The strategy of trying to save one species at a time will no longer work, Baker said. The new list shows that bigger solutions, such as maintaining broad swaths of forest and grassland, will be critical for the survival of not only those on the list but many others, he said.
Many animals and plants added to the list or moved up in status to threatened or endangered are unfamiliar to most. They include the spectaclecase mollusk, five types of jumping spiders, eight species of dragonflies, and many dozens of plants and lichens.
Taken together, they point out the state’s major environmental problems, including declining water quality, rapidly disappearing prairies, and fragmentation of the northern forests, Baker said.
The National Geographic says about moose:
In summer, food is far more plentiful in the northern regions of North America, Europe, and Asia. When the ice melts, moose are often seen in lakes, rivers, or wetlands, feeding on aquatic plants both at and below the surface. Moose are at home in the water and, despite their staggering bulk, are good swimmers. They have been seen paddling several miles at a time, and will even submerge completely, staying under for 30 seconds or more.
The National Geographic link shows two other reasons why moose are becoming extinct. Moose require plentiful food. However, among new species that were put on the threatened and endangered lists in Minnesota, many of them were plants. And declining water habitat is another factor, meaning less ability for moose to get cool in the unseasonably hot weather in Minnesota. A third factor is the increasingly fragmented forests in Minnesota, meaning that moose have to search more for food.

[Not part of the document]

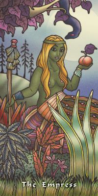 1 December 2009 The Kingdom Within Tarot has been created by Juno Lucina with artwork by Shannon ThornFeather. These appear to be created using a computer painting program. The imagery is eclectic, drawing on all sort of religious and esoteric ideas. The 78 card deck is fully illustrated and though the imagery on the pips does draw on Pamela Colman Smith's ideas, in many cases it departs from these and adopt different imagery. The Empress is classic in its simple image, the phallic Tower is struck by a flaming earth or planetary globe, while the Seven of Cups has a seven towered sand castle. The artwork is quite creative in places but the rather limited modelling of the human forms will perhaps not suit everyone.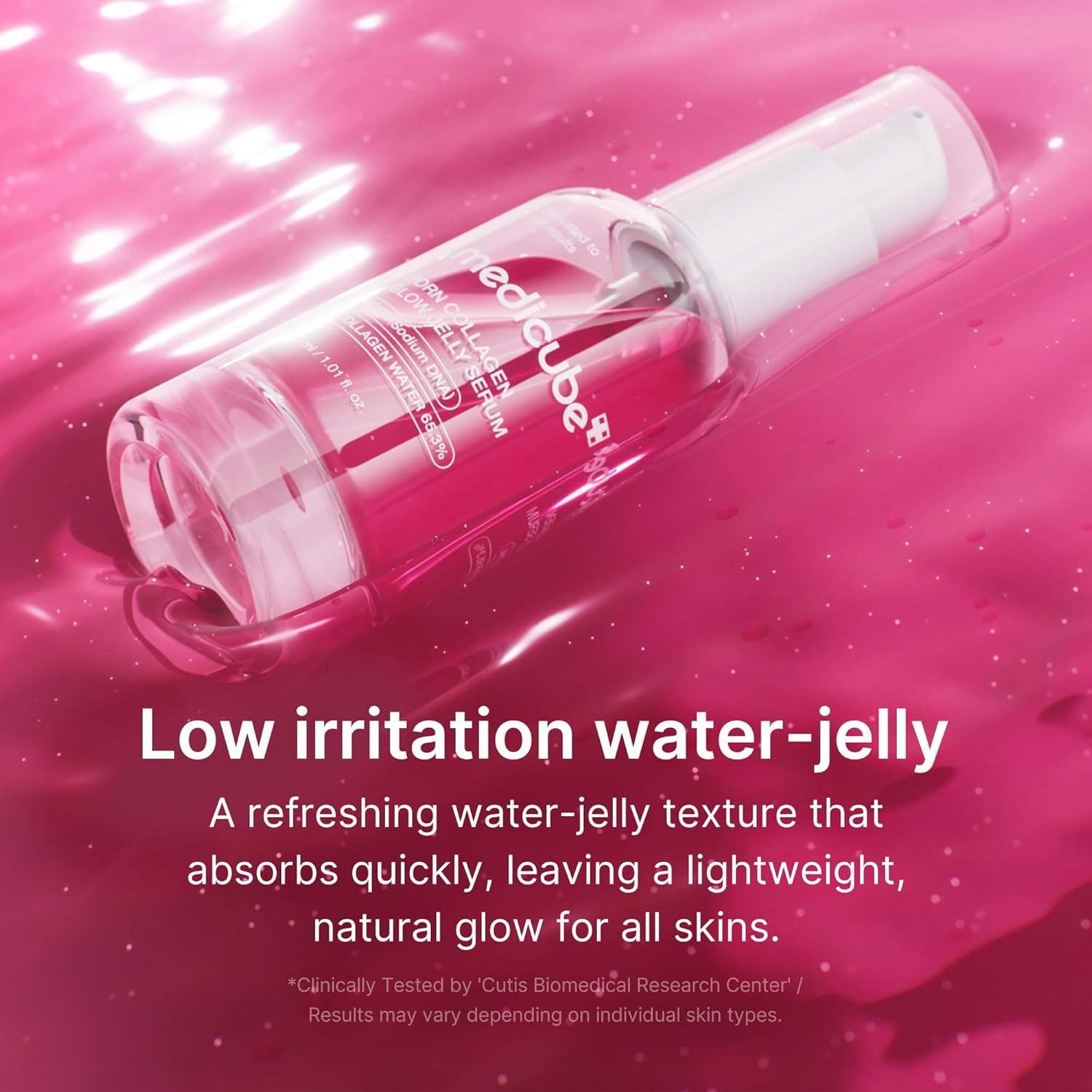 Did you know: Ingredients like rosa damascena flower water and salmon PDRN give medicube's PDRN Collagen Glow Jelly Serum that vibrant pink hue!

Another local outlet, the Minnesota Post, said that good news was hard to come by.
Curious about larger themes within this list, I called up its principal keeper — Rich Baker, endangered species coordinator at the DNR — and asked him what the 300 new additions, subtractions and reclassifications say about the state of nature in Minnesota.
"If you look at the reasons we've made these changes," he said, "there are three that are by far the most important:
Sixty percent are because of loss or degradation of habitat — not a big surprise to most people, I imagine, because we know our natural environment continues to have problems. We have less than one-tenth of 1 percent of the native prairie we had a few hundred years ago.

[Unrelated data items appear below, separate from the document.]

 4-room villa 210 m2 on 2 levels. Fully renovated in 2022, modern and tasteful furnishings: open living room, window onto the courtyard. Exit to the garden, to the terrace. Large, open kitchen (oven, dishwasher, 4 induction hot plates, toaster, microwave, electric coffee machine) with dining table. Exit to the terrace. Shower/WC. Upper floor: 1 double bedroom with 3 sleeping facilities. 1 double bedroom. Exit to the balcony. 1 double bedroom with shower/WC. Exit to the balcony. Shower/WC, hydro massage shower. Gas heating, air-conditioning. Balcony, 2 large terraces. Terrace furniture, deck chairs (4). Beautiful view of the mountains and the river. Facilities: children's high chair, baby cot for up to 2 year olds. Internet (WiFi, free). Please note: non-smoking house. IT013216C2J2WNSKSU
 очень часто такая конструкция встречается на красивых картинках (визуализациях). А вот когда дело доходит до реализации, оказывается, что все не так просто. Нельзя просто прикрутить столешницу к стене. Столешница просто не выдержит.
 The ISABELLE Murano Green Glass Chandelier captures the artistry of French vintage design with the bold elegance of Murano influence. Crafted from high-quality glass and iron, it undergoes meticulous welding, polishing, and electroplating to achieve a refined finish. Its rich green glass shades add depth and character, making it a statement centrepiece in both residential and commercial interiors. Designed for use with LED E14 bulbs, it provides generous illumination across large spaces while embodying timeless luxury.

But it's not just development and clearing land — it's the more subtle fragmentation, especially with forests, where we may have wooded areas that are healthy but they're not contiguous, and a lot of species need those larger forests.
In rivers, of course, it's siltation and chemical contamination. There are a bunch of mussels joining the list this year; half of our 50 native species are now listed as threatened or endangered. And yes, that's right, the new listings are about problems in the Mississippi River, but that's only because mussels were gone from most other waterways a long time ago.

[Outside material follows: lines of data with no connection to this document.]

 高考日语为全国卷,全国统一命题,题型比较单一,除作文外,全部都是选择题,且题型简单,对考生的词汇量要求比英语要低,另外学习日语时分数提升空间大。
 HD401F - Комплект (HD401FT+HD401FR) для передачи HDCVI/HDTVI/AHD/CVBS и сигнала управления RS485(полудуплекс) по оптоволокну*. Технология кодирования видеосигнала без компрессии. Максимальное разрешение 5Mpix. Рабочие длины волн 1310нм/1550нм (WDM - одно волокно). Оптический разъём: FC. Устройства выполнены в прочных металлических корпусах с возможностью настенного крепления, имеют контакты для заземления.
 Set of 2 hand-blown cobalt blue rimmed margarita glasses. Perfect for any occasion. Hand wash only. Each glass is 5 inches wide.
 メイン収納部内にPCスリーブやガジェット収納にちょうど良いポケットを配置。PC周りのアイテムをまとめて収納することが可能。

Another 60 percent — the categories aren't mutually exclusive — just reflect new information; we've gained enormous volumes of new knowledge in the last couple of decades.
And about 9 percent reflect the effects of invasive species. A good example is the goblin fern, in our northern forests, which is threatened by invasive earthworms.
There are plenty of other unanswered questions in light of the endangered moose. Are moose endangered in the rest of the world as well as Minnesota? Is Minnesota doing better or worse compared to the rest of the states of the union with regard to endangered species? If this environmental degradation continues, then it will only be a matter of time before people will leave the state for a better quality of life elsewhere.